Super Gemma 4: Uncensored Local Agent Booster
Community fine-tune of Gemma 4 26B delivers uncensored performance gains (95.8 QuickBench vs 91.4 baseline, 46.2 t/s) for agent tasks like coding and tools, optimized for MLX on Apple Silicon or GGUF elsewhere.
Uncensored Fine-Tune Enhances Gemma 4 for Practical Agent Work
Super Gemma 4 26B builds on Google's Gemma 4 26B A4B base, which activates only 3.8B of 25B parameters during inference, supports native system prompts, function calling, and 256K context. This community version by Jun Song removes restrictions without sacrificing utility, targeting text-only tasks like coding, logic, tool use, browser workflows, and planning. Benchmarks show QuickBench overall at 95.8 (vs 91.4 baseline) and 46.2 tokens/second generation (vs 42.5), with gains in code, logic, Korean, and browser tasks. Unlike chaotic uncensored models, it stays practical for agent shells, avoiding refusals while maintaining reasoning.
MLX Setup Unlocks Fast Apple Silicon Inference
On Macs, install MLX-LM via pip install -U mlx-lm, then launch server: mlx_lm.server --model jun-song/super-gemma-4-26b-it-mlx-4bit-v2 --port 8080. Let MLX auto-detect the bundled template—manually forcing one corrupts responses. Test with mlx_lm.generate --model jun-song/super-gemma-4-26b-it-mlx-4bit-v2 --prompt "test" --max-tokens 512. This exposes an OpenAI-compatible endpoint at localhost:8080, enabling seamless integration without custom hacks.

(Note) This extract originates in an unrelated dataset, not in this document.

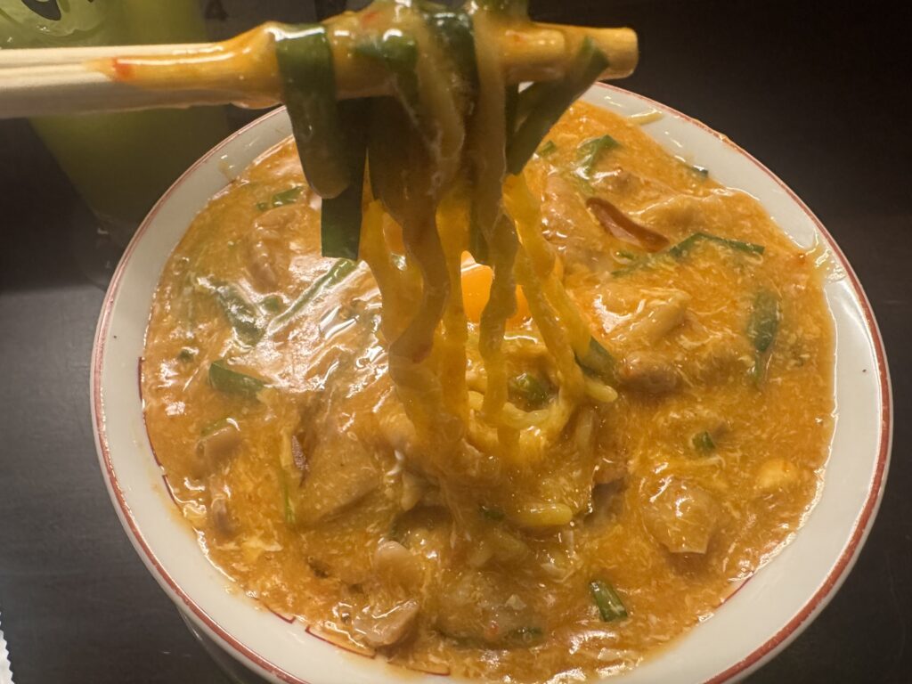 濃厚スープと対等に渡り合うのが、この麺の存在だ。太すぎず細すぎず、絶妙な中太麺はもちっとした弾力があり、とろみあるスープをしっかりと絡め取る。箸で持ち上げた瞬間、麺が黄金色に染まり、まるで一本一本が味を語っているようだ。麺、スープ、ホルモンが三位一体となり、食べるたびに味のレイヤーが積み上がっていく。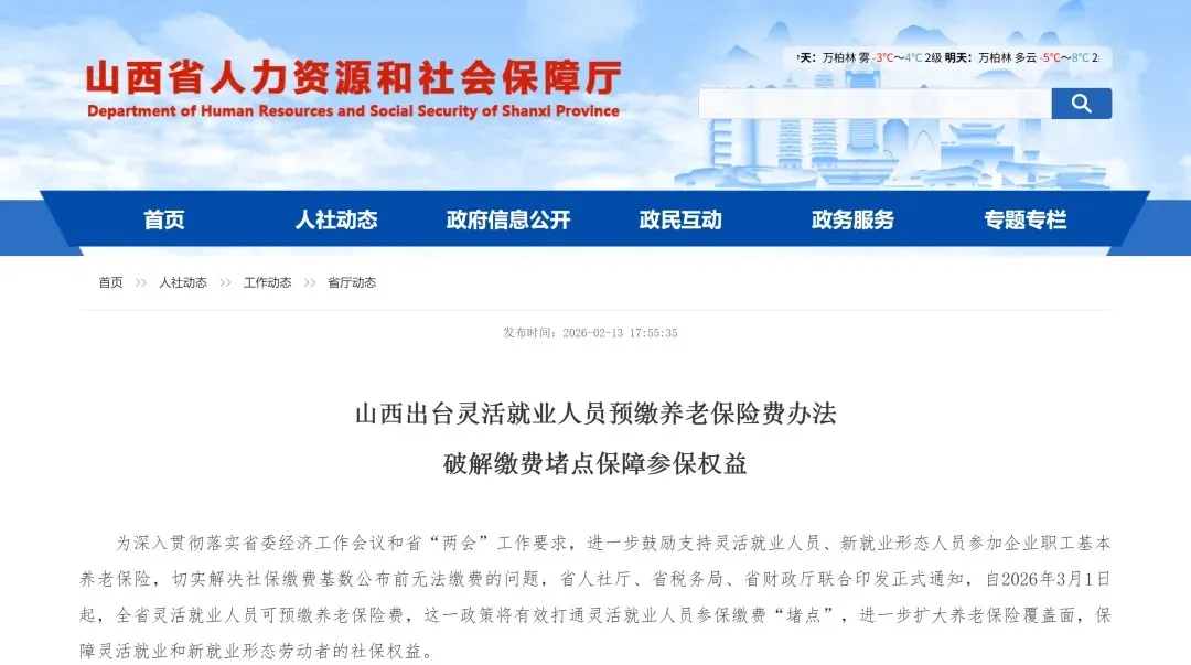山西3月1日起允许灵活就业人员预缴养老保险,解决上半年缴费难题。政策明确基数、衔接规则,取消户籍限制,线上线下均可办,保障灵活就业群体社保权益。

Agent Integrations Leverage Native Capabilities
Pair with Hermes agent by selecting custom OpenAI provider, pointing to the MLX endpoint, and choosing the super Gemma model—its native function calling aligns perfectly for terminal-based tools, memory, MCP, and messaging. For Open Claw personal assistants, configure the custom OpenAI provider similarly; raise wired memory via sysctl if needed. Both benefit from the model's agent-ready design, turning local uncensored inference into production-like workflows without cloud dependency.
GGUF Variant Extends to Non-Mac Ecosystems
For Windows/Linux, use the Q4_K_M GGUF (16.8 GB) via llama.cpp, LM Studio, Jan, or Open Web UI. It embeds a neutral template to prevent prompt drift into coding or erratic tool calls, ensuring clean chat. Serve via OpenAI-compatible interface for Hermes/Open Claw compatibility, broadening access beyond Apple Silicon while preserving speed and uncensored utility.